D-Dimer as a Diagnostic Tool
🔹 High Negative Predictive Value for VTE Diagnosis:
✅ In low-risk patients, a normal D-Dimer level effectively rules out thrombosis.
✅ Most useful in young patients without co-morbidities and recent symptoms.
✅ Eliminates unnecessary imaging tests (e.g., venograms, CT pulmonary angiograms).
🔹 Limitations – A Positive D-Dimer Does NOT Confirm Thrombosis:
🚨 D-Dimer levels can be elevated due to other conditions (false positives).
Common Causes of False-Positive & False-Negative D-Dimer Results
✅ False Positives (Elevated D-Dimer Without VTE):
- Recent surgery.
- Haemorrhage.
- Trauma.
- Malignancy.
- Sepsis or severe infection.
- Advanced age with co-morbidities.
- Pregnancy.
- Liver disease.
🚨 False Negatives (Normal D-Dimer Despite VTE):
- Symptoms older than 7–10 days.
- Patient already on anticoagulation (heparin or warfarin).
- Children (lower baseline D-Dimer levels).
- Small or distal DVT.
- Upper extremity DVT.
- Hypofibrinolysis (poor clot breakdown).
D-Dimer & Disseminated Intravascular Coagulation (DIC)

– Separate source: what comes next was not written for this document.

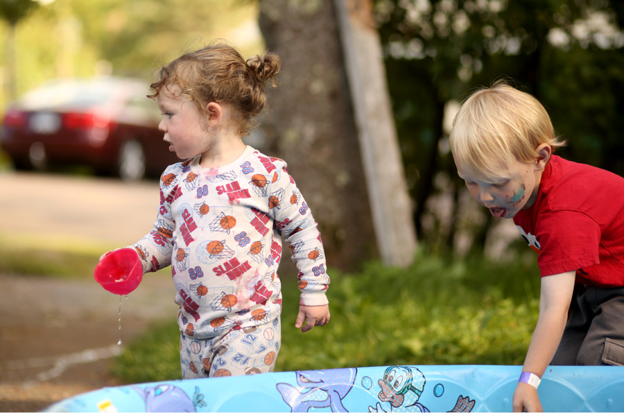 Lots and lots of playing took place the whole weekend, along with several fun outings. On Friday night the big kidlets were at a fun night at church, and Cousin Alex was napping. Kah Kah Kah and Mr. TOF entertained themselves with some water they found in the swimming pool. I forget how much just a little bit of water can entertain little people! These two had a delightful time together. It was really fun to watch them interact. Mr. TOF loves his Kah Kah Kah. She’s always been one of his favorite people.

✅ DIC is a serious condition caused by widespread clotting and fibrinolysis, leading to:
- Consumption of clotting factors & platelets.
- Uncontrolled bleeding.
🔹 Diagnosis Requires Both Clinical & Laboratory Findings:
- D-Dimer is significantly elevated in DIC.
- The International Society for Thrombosis and Haemostasis (ISTH) scoring system helps diagnose DIC.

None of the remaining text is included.